◆ WORK ITEM
Among the entries below, the lines from the one with "In quel momento" up to and including the one with "2023年12月4日上午,今" are to be restated exactly, without pictures.

(Data records)

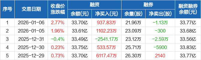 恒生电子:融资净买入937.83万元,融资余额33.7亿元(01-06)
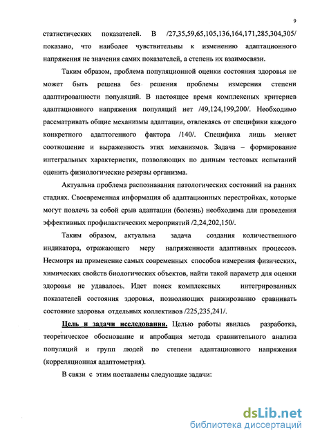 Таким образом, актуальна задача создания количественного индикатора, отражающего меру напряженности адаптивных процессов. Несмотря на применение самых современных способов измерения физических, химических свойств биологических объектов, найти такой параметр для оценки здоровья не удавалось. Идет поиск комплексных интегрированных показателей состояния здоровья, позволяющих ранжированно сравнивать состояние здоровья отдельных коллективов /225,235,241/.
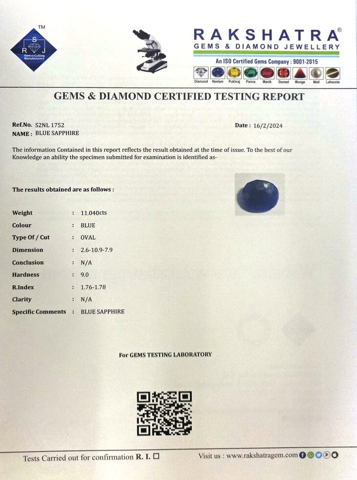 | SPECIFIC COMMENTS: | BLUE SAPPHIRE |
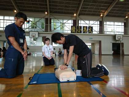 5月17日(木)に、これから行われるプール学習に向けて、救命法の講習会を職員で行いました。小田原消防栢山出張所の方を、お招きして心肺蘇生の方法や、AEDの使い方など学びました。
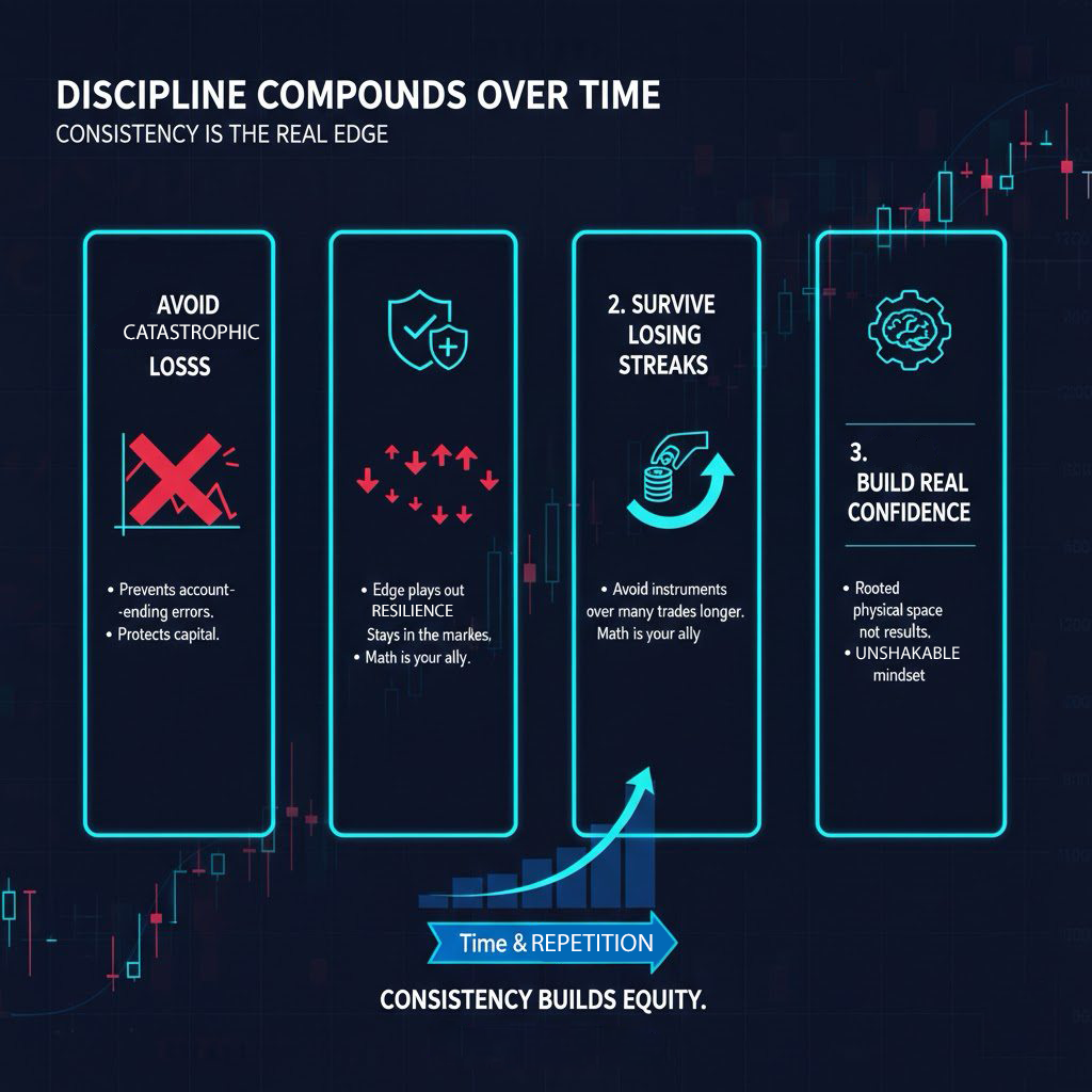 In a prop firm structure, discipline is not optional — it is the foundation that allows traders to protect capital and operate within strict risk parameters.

...

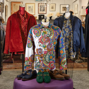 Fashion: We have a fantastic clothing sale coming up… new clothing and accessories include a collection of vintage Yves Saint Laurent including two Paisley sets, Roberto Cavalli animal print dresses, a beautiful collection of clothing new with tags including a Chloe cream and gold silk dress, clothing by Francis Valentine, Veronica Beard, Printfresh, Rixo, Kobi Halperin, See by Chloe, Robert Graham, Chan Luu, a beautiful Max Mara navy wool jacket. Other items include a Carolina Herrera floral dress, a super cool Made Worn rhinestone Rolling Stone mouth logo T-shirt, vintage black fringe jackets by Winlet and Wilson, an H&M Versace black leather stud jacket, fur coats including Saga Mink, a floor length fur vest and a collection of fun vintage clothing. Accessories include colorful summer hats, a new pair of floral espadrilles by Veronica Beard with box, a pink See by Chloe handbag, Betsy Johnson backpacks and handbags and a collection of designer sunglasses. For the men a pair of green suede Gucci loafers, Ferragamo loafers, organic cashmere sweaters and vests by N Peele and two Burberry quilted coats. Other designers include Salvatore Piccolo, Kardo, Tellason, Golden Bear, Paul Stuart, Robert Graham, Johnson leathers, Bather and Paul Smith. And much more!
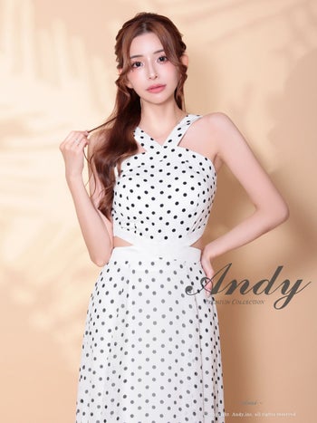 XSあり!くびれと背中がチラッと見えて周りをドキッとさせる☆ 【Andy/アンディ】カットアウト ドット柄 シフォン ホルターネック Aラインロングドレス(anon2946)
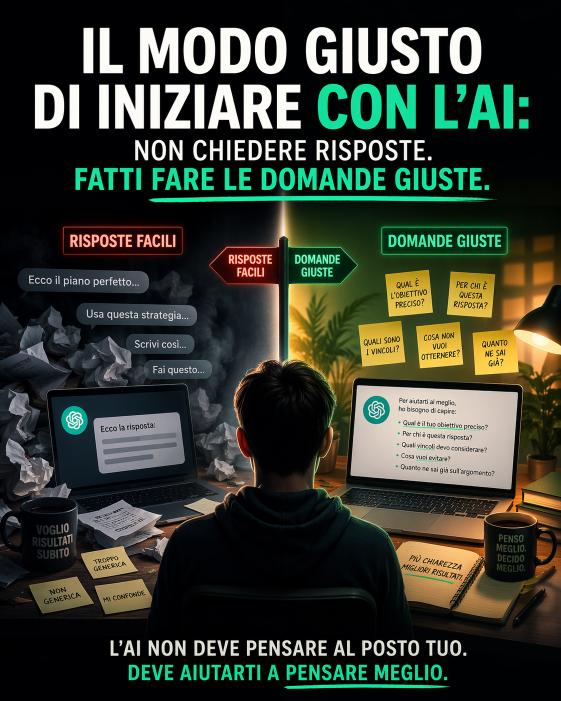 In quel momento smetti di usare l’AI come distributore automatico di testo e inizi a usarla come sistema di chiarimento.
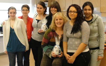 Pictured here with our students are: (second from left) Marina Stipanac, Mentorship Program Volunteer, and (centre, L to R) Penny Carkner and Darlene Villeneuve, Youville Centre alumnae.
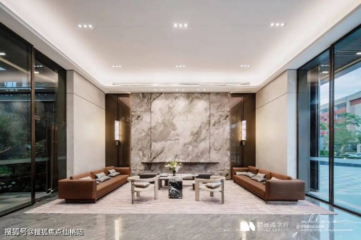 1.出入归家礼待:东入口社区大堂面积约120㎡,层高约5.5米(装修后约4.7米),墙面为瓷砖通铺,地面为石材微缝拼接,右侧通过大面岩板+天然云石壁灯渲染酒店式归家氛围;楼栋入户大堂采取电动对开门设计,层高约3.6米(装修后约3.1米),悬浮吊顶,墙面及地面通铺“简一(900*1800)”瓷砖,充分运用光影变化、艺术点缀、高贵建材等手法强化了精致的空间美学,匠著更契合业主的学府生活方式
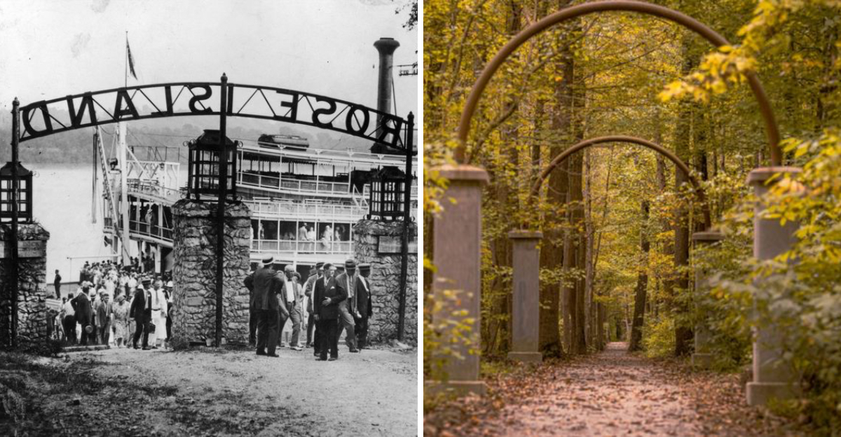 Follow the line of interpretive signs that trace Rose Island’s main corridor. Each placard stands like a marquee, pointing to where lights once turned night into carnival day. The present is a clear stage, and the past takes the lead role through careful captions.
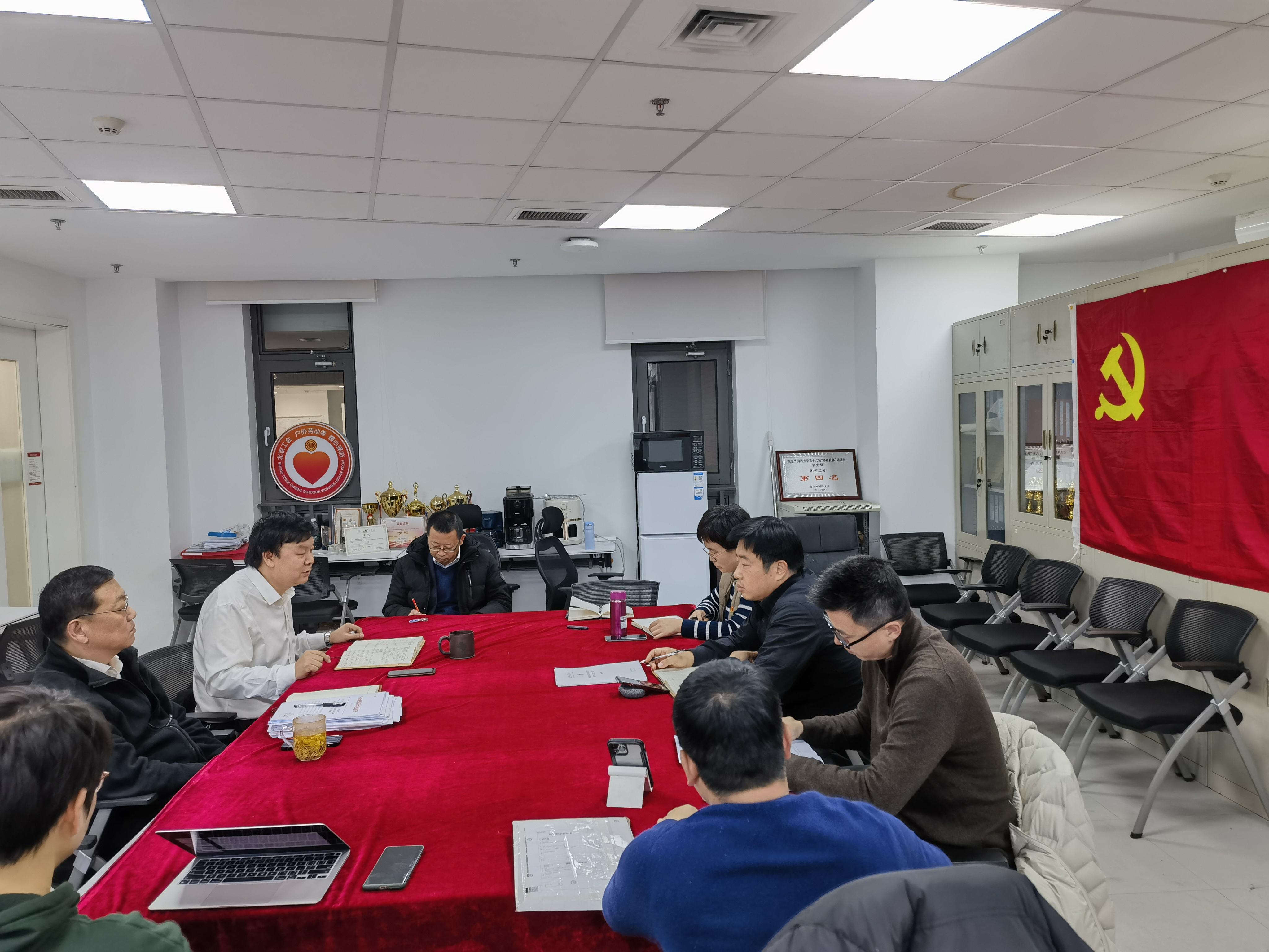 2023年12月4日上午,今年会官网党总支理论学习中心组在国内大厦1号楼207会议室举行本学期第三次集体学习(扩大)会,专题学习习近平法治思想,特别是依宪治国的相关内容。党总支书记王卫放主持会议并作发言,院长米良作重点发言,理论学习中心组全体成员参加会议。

◆ TASK ANSWER
 In quel momento smetti di usare l’AI come distributore automatico di testo e inizi a usarla come sistema di chiarimento.
 Pictured here with our students are: (second from left) Marina Stipanac, Mentorship Program Volunteer, and (centre, L to R) Penny Carkner and Darlene Villeneuve, Youville Centre alumnae.
 1.出入归家礼待:东入口社区大堂面积约120㎡,层高约5.5米(装修后约4.7米),墙面为瓷砖通铺,地面为石材微缝拼接,右侧通过大面岩板+天然云石壁灯渲染酒店式归家氛围;楼栋入户大堂采取电动对开门设计,层高约3.6米(装修后约3.1米),悬浮吊顶,墙面及地面通铺“简一(900*1800)”瓷砖,充分运用光影变化、艺术点缀、高贵建材等手法强化了精致的空间美学,匠著更契合业主的学府生活方式
 Follow the line of interpretive signs that trace Rose Island’s main corridor. Each placard stands like a marquee, pointing to where lights once turned night into carnival day. The present is a clear stage, and the past takes the lead role through careful captions.
 2023年12月4日上午,今年会官网党总支理论学习中心组在国内大厦1号楼207会议室举行本学期第三次集体学习(扩大)会,专题学习习近平法治思想,特别是依宪治国的相关内容。党总支书记王卫放主持会议并作发言,院长米良作重点发言,理论学习中心组全体成员参加会议。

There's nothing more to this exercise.